One of the biggest advantages, Towner says, is that it allows scholars and researchers to challenge the conventional theoretical thinking while more quickly developing alternative ideas or models.
For their part, Shenk, Towner, Kress, and Alam found that the economic and investment models did play the most important role in predicting Bangladeshi fertility trends. But they also discovered that other variables under consideration — some having nothing to do with money — also played an important part in family planning.
“We found a number of variables were important, especially in the economic model, but some other variables had a bigger effect than I imagined they would have had going into the study, which is neat,” Towner says. Some of the variables affecting fertility rates include women’s education levels, their family involvement in agriculture, local infant mortality rates, or whether there is good access to birth control and information on family planning.
According to Shenk, declining fertility is a global phenomenon that began in England and France in the 18th century and has been working its way around the globe ever since. In the United States, fertility began to drop during the rise of industrialism in the 19th century and continued falling through the Great Depression. Then American birth rates famously bounced back during the post-World War II period. “Again, [the decline] suggested a strong link to economics, and then you have this bounce back in this really strong age of economic expansion, post World War II in the U.S., the baby boom,” Shenk says.
All this might seem familiar to folks in Bangladesh. At a time when almost every nation on the planet is feeling the effects of global recession, Bangladesh is one of the few countries that has experienced growth over the last five years.

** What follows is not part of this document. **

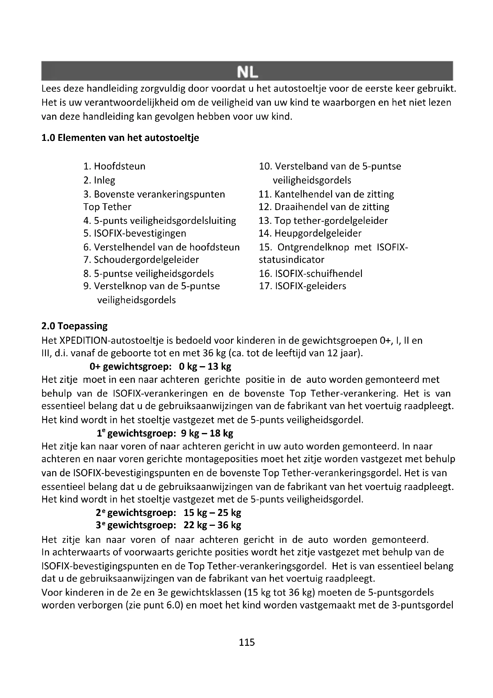 Het XPEDITION-autostoeltje is bedoeld voor kinderen in de gewichtsgroepen 0+, I, II en III, d.i. vanaf de geboorte tot en met 36 kg (ca. tot de leeftijd van 12 jaar). 0+ gewichtsgroep: 0 kg – 13 kg Het zitje moet in een naar achteren gerichte positie in de auto worden gemonteerd met behulp van de ISOFIX-verankeringen en de bovenste Top Tether-verankering. Het is van essentieel belang dat u de gebruiksaanwijzingen van de fabrikant van het voertuig raadpleegt. Het kind wordt in het stoeltje vastgezet met de 5-punts veiligheidsgordel.
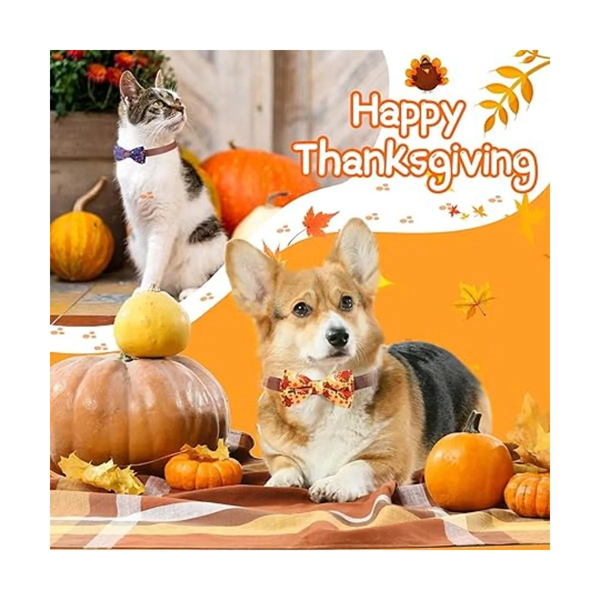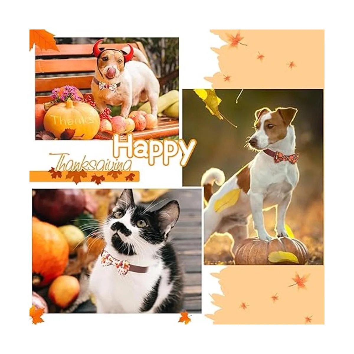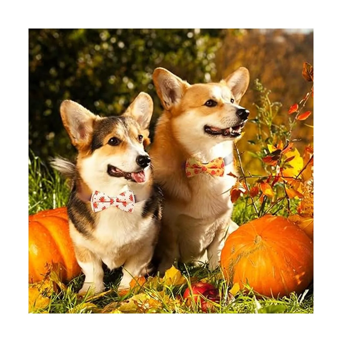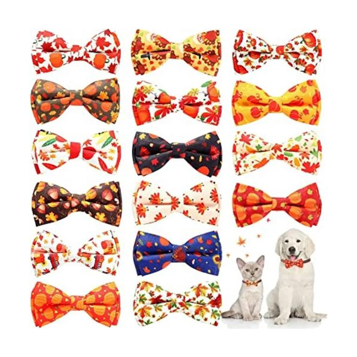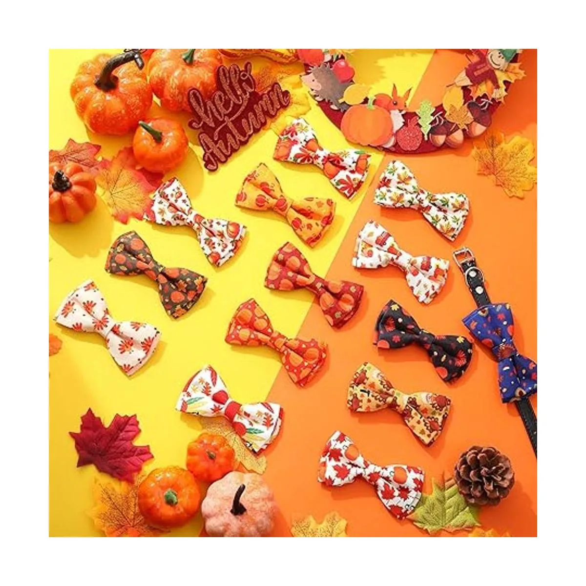 16 piezas de accesorios para el collar de corbatín para mascotas, diseño de hoja de arce, calabaza, pavo, corbatas para perro, para el día de Acción de Gracias, otoño y otoño hoja de arce

“Bangladesh in the ’80s had extremely high fertility, and programs were put in place to reduce infant mortality in ’80s and early ’90s,” says study coauthor Kress. Fertility declined in the 1990s and then “stalled out,” Kress says. Further reductions are occurring now that Bangladesh is entering into a period of economic growth — growth fueled chiefly by a surge in Chinese companies moving textile plants into the country to take advantage of its low wage labor force.
“When we look at the demographic transition work, we’re really looking at what it means to raise a family, what is the proper way to raise a family, and that is really sensitive to economic and risk factors in any given nation or local economy,” Kress says. “When we’re looking at developing public health programs or economic intervention programs, we should always be aware of the demographic consequences of introducing those programs.”
Adds Shenk: “Our study created a framework by which different explanations could be explicitly compared. Population data from any region could be analyzed using these methods to help researchers, government officials, health workers and others understand the key drivers of demographic change.